◆ **Task details**
Beginning with the line that contains "One-bedroom apartment for", retype the entries below exactly, ending with the line that contains "She kinda looks". Leave out any pictures.

◆ **Record extracts**
****************************************
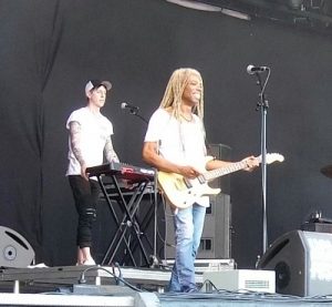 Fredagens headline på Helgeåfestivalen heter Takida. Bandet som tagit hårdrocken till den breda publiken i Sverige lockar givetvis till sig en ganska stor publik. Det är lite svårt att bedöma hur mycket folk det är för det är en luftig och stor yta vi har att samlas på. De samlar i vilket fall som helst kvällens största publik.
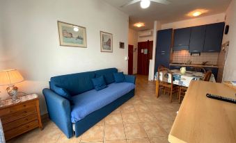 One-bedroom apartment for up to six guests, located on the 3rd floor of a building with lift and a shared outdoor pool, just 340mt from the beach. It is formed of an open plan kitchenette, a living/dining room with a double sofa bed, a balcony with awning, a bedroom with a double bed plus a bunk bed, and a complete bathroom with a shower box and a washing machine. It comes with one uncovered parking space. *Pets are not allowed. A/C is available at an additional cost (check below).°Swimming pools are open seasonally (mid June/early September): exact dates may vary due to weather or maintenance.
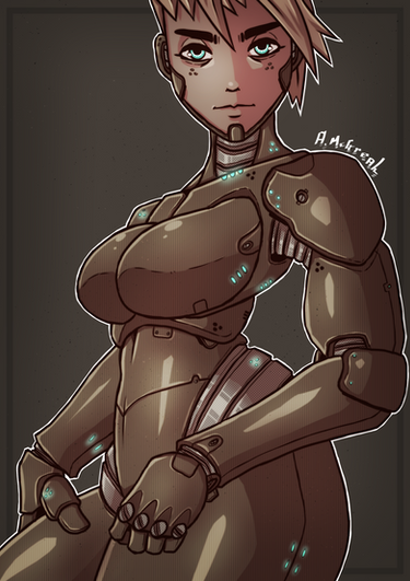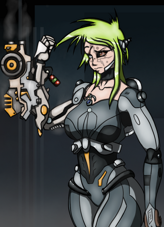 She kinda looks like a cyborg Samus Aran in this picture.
****************************************
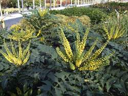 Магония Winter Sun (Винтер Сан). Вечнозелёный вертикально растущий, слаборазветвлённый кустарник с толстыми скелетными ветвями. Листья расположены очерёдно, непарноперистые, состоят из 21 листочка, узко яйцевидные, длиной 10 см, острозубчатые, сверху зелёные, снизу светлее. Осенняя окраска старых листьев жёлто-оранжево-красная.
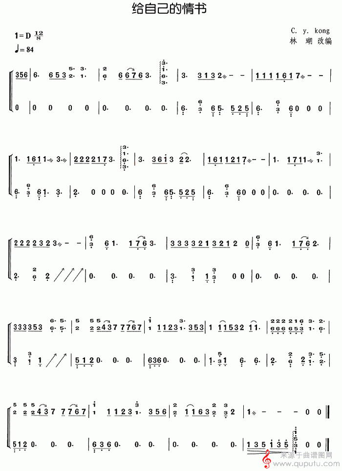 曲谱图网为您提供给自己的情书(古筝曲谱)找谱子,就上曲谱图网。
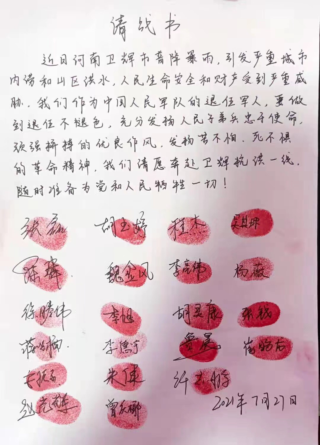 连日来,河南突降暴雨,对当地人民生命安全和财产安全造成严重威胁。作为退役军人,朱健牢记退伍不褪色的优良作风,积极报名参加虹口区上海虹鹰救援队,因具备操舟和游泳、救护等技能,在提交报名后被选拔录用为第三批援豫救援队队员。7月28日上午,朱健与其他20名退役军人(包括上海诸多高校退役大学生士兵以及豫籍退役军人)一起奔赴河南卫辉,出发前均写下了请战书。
****************************************
◆ **Exercise output**
 One-bedroom apartment for up to six guests, located on the 3rd floor of a building with lift and a shared outdoor pool, just 340mt from the beach. It is formed of an open plan kitchenette, a living/dining room with a double sofa bed, a balcony with awning, a bedroom with a double bed plus a bunk bed, and a complete bathroom with a shower box and a washing machine. It comes with one uncovered parking space. *Pets are not allowed. A/C is available at an additional cost (check below).°Swimming pools are open seasonally (mid June/early September): exact dates may vary due to weather or maintenance.
 She kinda looks like a cyborg Samus Aran in this picture.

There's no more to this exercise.